Editor’s Note: This story contains references to suicide. If you or a loved one needs immediate support, help is available 24/7 at the Crisis Text Line: Crisistextline.org
Shortly before the start of the pandemic, Brooklyn Williams’ mother died. She had had cancer for 10 years.
The 16-year-old, who lives with her father in Baldwin, was crushed by the double weight of death and the isolation brought about by the lockdown in the spring of 2020. “My mum was my rock, and I lost that Brooklyn says.
Despite losing her touchstone, over the past three years she has managed not only to regain her balance with the help of her father, manager and friends, but now she is helping others.
Being locked in her house was, for Brooklyn, “the worst thing” that could have happened as she faced grief and post-traumatic stress disorder (PTSD) from the prolonged illness and death of her. mother. She tried spending time focusing on self-care for her depression, she says, but found herself having trouble getting out of bed or doing the most basic chores in her life. After she returned to school in the fall of 2020, she sought to be positive for the good of others while also feeling like a shell of herself.
“I put everyone first and made sure they saw me as a happy person,” she says.
It all escalated not long after Christmas 2020, when she was no longer able to maintain her strong facade. School had resumed in person and was falling behind. His mental health began to impact h
er physical health and school work. She was not playing basketball as well as she wanted and suffered from severe digestive issues.
“The stress made me physically sick,” she says.
Once again, she found herself struggling to get out of bed or get involved in her life. Brooklyn began to wonder if life was worth living and became suicidal.
At this point, despite what Brooklyn describes as intense societal pressure to remain silent about mental health issues, she reached out to both her father and her best friend, Lauren. “I was going through it on my own, but once I reached out, things went from zero to a hundred really quickly.”
They took Brooklyn seriously and believed her when she said she was drowning – two things that meant so much to her. They saw her. Her loved ones gave her the help she desperately needed, including a variety of medical professionals and the drugs that stabilized Brooklyn’s life.
While the drugs and therapy may be seen as shameful or weak by her peers and adults, she credits them with saving her life. It made her realize that asking for help was a strong decision, not a weak one. This is the message she passionately wants to convey to the world.
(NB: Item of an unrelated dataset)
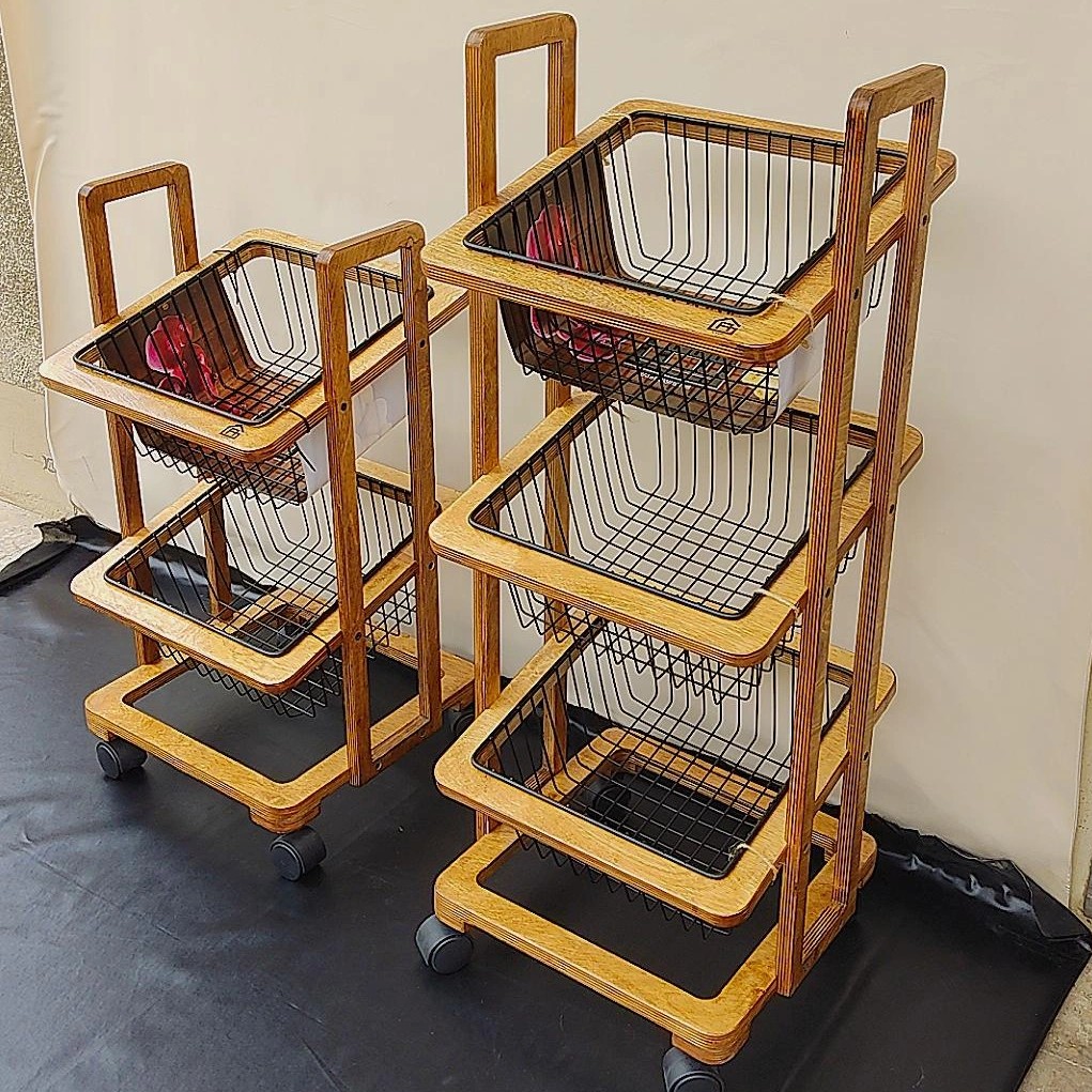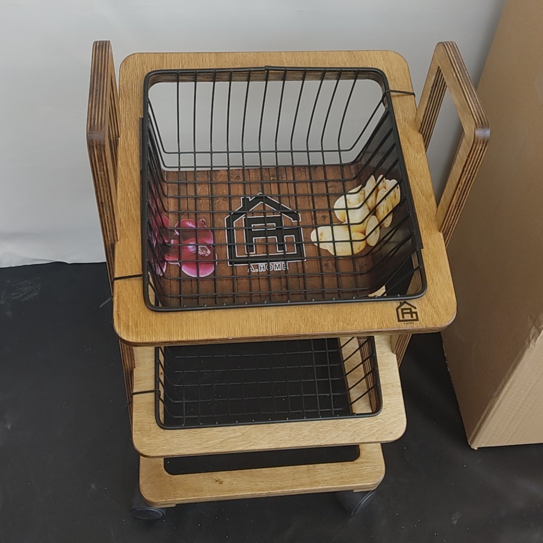 سبد سیب زمینی پیاز چوبی چرخ دار ترولی رنگ شده ضد آب مبلمونسرا مدل 289656

Once she saw how much better she was to cope with her mental health issues after inviting others to share her pain, it sparked an idea. Before the pandemic, Brooklyn had been class president for grades 9 and 10. She felt comfortable leading her peers and taking initiative, but decided to focus on mental health rather than school policy.
In collaboration with its principal, Shaun Tomaszewski, and mental health care providers at Baldwin High School of the Allegheny Health Network Cooling project, she started the Chill Club.
“I wanted to improve the life of the students, with all the craziness going on in the world,” Brooklyn says.
They started meeting on Zoom and now meet in person once a month. Besides painting and various other crafts, such as sewing their own clothes, they also focus on mindfulness and meditation. Last spring, students were able to attend a virtual course through Yale University on “The Science of Wellness”. The group, she says, is helping her and her fellow students cope with the ongoing stress and anxiety of a pandemic. It is also a safe space for students with various mental health issues – anyone can show up to the meetings. The Chill Club has an open door policy.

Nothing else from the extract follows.